Aus dem Stadtteillesebuch von Helmut Dachale und Ulli Schwecke "In der Mitte von Bremen, Burg-Grambke gestern und heute / 1985

Dörfliches wird Städtischer

Grambkermoor zählte zu Anfang des 20 Jahrhunderts nicht zu den reichsten Dörfern im Bremer Umland. Die meisten Bauern waren Kötner, die nicht mehr als 36 Morgen Land besaßen.
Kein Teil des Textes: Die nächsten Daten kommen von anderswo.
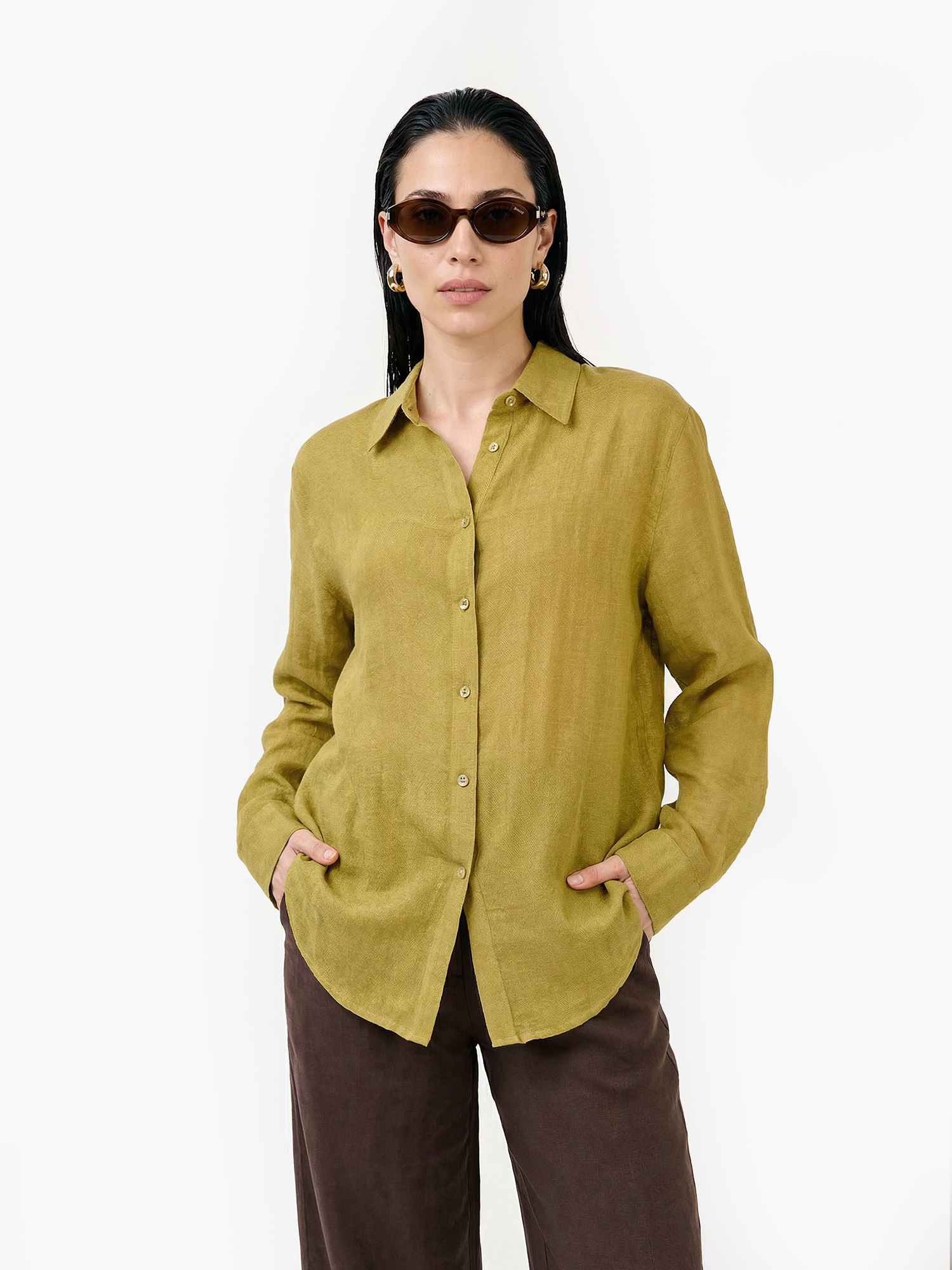 Легкая летняя женская рубашка итальянского бренда FABRETTI нежного цвета зеленого горошка с фактурой ткани «елочкой».
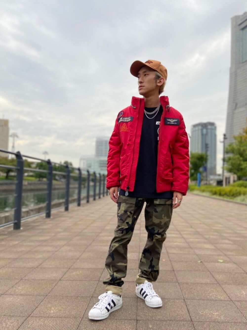 今年イチオシのTOP GUN CWUです! 赤に迷彩の組み合わせはおすすめです! 身長: 157cm 着用サイズ: CWU/M インナー/M パンツ/S
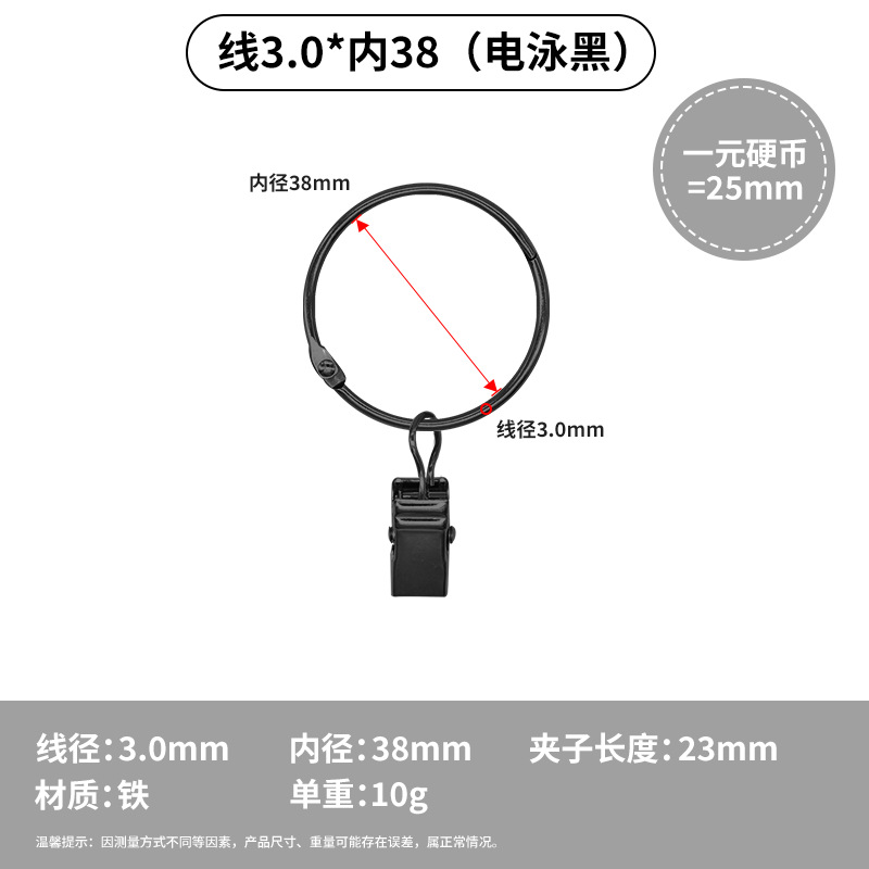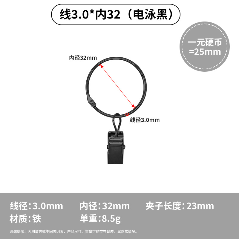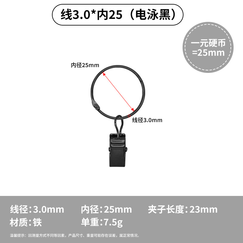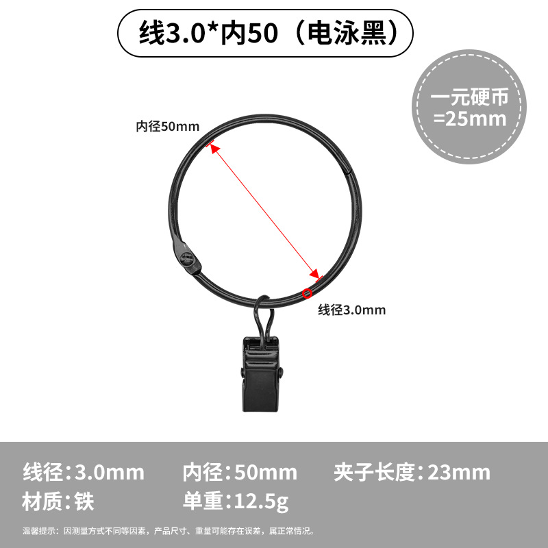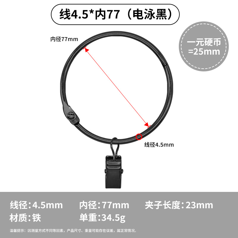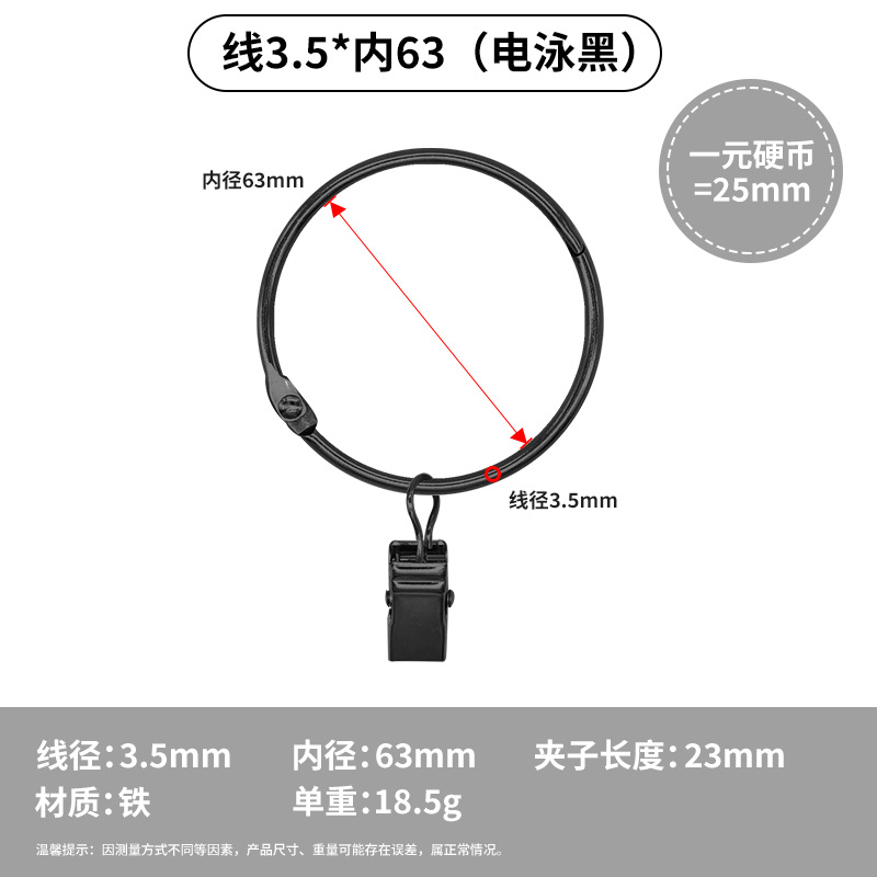定固五金简约黑色轨道窗帘夹浴室罗马圈环定制窗帘挂钩
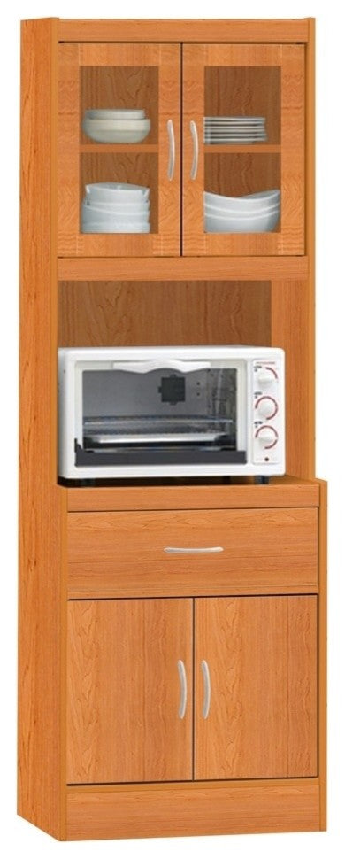 Running out of cabinet space in your home, The Hodedah China Cabinet is a simple yet versatile piece that is sure to add functionally to your kitchen. Standing tall this unit features a large open shelf space at the center to house your microwave or toaster oven. Transparent doors on the top opens to reveal two shelves, ideal for displaying fancy dinnerware. For extra storage there is another enclosed cabinet below to store small appliances, pots and pans. The single drawer located in the center of this unit provide ample room to store cutlery, kitchen towels and other small gadgets. So go ahead and bring this cottage inspired piece into your home, not only will it provide ample storage from top to bottom but it will serve up functionality and versatility.Features : • Convenient and accessible way to store your microwave, toaster and other small appliances • Transparent doors on the top displays your fancy dinnerware • Drawer to store kitchen utensils • Constructed of durable engineered wood that will sure to last many years to come • Enclosed cabinet on top and bottom of unit to house pots and pans • Functional and attractive with its sleek contemporary styling • Available in 6 color options: Beige, Black-Beige, Cherry, Chocolate-Grey, Grey-Oak and WhiteSpecifications : • Product Dimensions : 70.86 in. H x 23.85 in. W x 15.75 in. D • Assembly Required : Yes

Das Wort Kötner ist abgeleitet von Kate¸ was kleines Wohnhaus bedeutet.
Viele dieser Bauernhöfe in Grambkermoor und auch in Grambke waren aus Meier-Anwesen, also aus abhängigen Verhältnissen im Mittelalter hervorgegangen. Im Mittelalter war es üblich, dass die Grundherrschaft – der Adel, die Kirche und auch die Stadt Bremen – Land und Gebäude gegen Abgaben einem Verwalter, dem Meier überließ. In späterer Zeit wurden Zeit- oder Erbpacht eingeführt, so dass Meierhöfe über Generationen in Familienbesitz blieben. Das bis in die 50er Jahre des 20 Jahrhunderts bewirtschaftete und weit über Grambkermoor hinaus bekannte Haesloopsche Anwesen lässt sich auf ((Meier-Verhältnisse)) bis zum Jahr 1658 zurückverfolgen.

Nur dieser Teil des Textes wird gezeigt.